Artisanat pour tous

index généralcourrielnouveautésconversions

Planche de Ouija

Historique:

L'ère victorienne, c'était l'époque de l'élairage au gaz, les débuts de la photographie et de l'ennui créé par les strictes conventions sociales. C'était aussi l'époque des fées captées en photos, des pendules, des médiums en transe, et des séances pour rejoindre l'au-dela. Le spiritisme était aussi une façon d'amuser les invités dans les soirées de la haute société, tout comme les momies que l'on "débandelait" en présence d'amis, avec un verre de porto à la main.

image
La planche de Ouija commença comme une planchette comprenant 2 petites roues et un crayon. Elle était tenue sur les genoux de deux personnes de faisant face, un homme et une femme, posée sur une tablette à écrire, et chacun des participants la tenaient du bout des doigts. Elle servait d'exutoire pour tous ces non-dits qui pouvaient être enfin exprimés, et passaient pour avoir été proférés par des "esprits". Mais cette technique était longue, les mots écrits pas toujours lisibles et l'intérêt pour ce jeu se refroidit vite.

image
La planchette fut ensuite remplacée par une planche qui comportait toutes les lettres de l'alphabet et les chiffres de 0 à 9. Le 23 janvier 1854, Adolphus Theodore Wagner, un Prussien de Berlin, enregistra à Londres, en Angleterre, le premier brevet d'invention de cette planchette et la nomma "psychographe".

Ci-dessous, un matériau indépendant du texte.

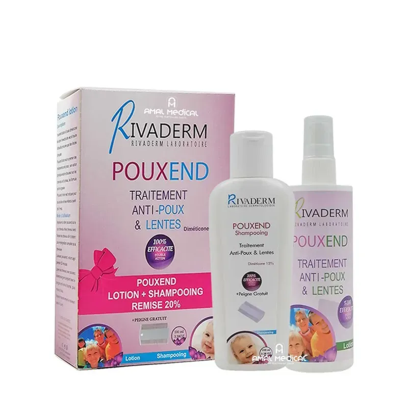 🎁 Le RIVADERM COFFRET POUXEND ANTI POUX ET LENTES est un kit de traitement complet destiné à éliminer efficacement les poux et les lentes du cuir chevelu. Il propose une approche sans insecticide, privilégiant une action physique douce mais redoutable pour étouffer et déshydrater les parasites. Ce coffret est conçu pour une utilisation familiale et contient généralement deux produits complémentaires (une lotion et un shampooing) pour un traitement en deux étapes.
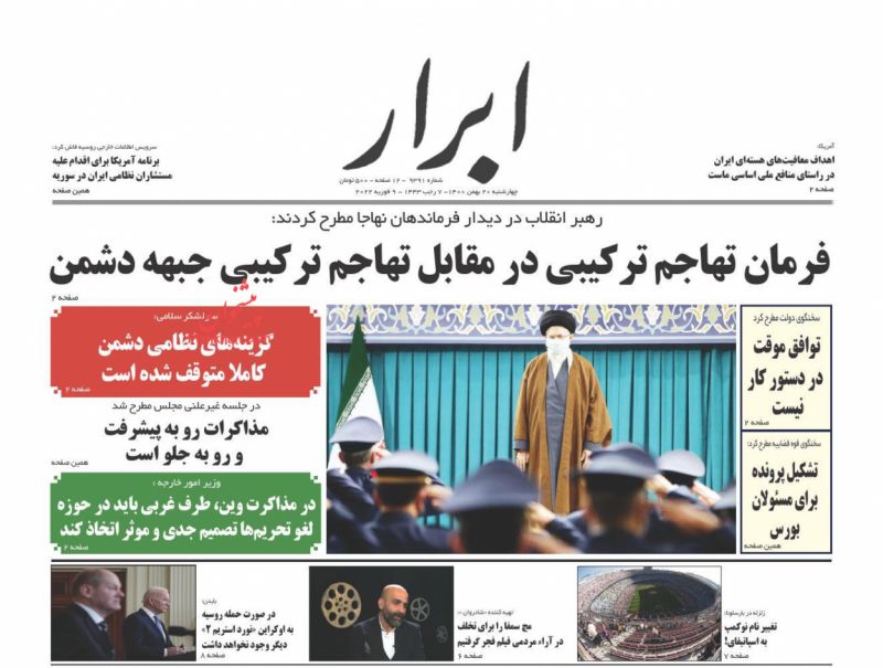 ابرار ، چهارشنبه ۲۰ بهمن
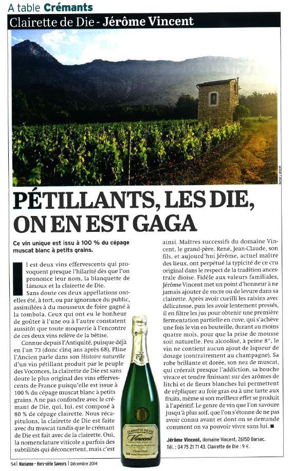 Un très bel article de Périco Légasse sur la Clairette de Die dans le Hors Série Marianne de Décembre !!
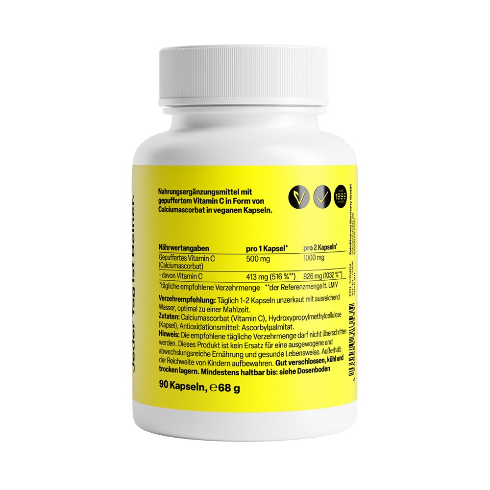 - 500 mg hochdosiertes, biologisch aktives Vitamin C in jeder Kapsel

Cette invention devait servir à "lire les pensées des gens de constitution nerveuse". Un français du nom de Allan Kardac en parle ensuite dans son livre "Le livre des esprits" et décrit le psychographe comme un instrument pour communiquer avec le monde des esprits. Kardac était un pseudonyme pour Hypolyte Léon Denizard Rivail, médecin et fondateur du spiritisme en France. La planche des spiritualistes était entrée dans les livres d'histoire mais avant de parvenir à nous, elle changera de nom et de fonction.

Aux États-Unis, les soeurs Kate et Margaret Fox, considérées commes les créatrices du mouvement spiritualiste du continent en 1848, communiquaient avec les "esprits" par de petits coups en réponse aux questions, et bien que leurs noms soient associés à la planche Ouija, elles ne s'en servaient pas. Plus tard, les deux soeurs furent accusées d'avoir trichées et mourrurent finalement dans la dèche.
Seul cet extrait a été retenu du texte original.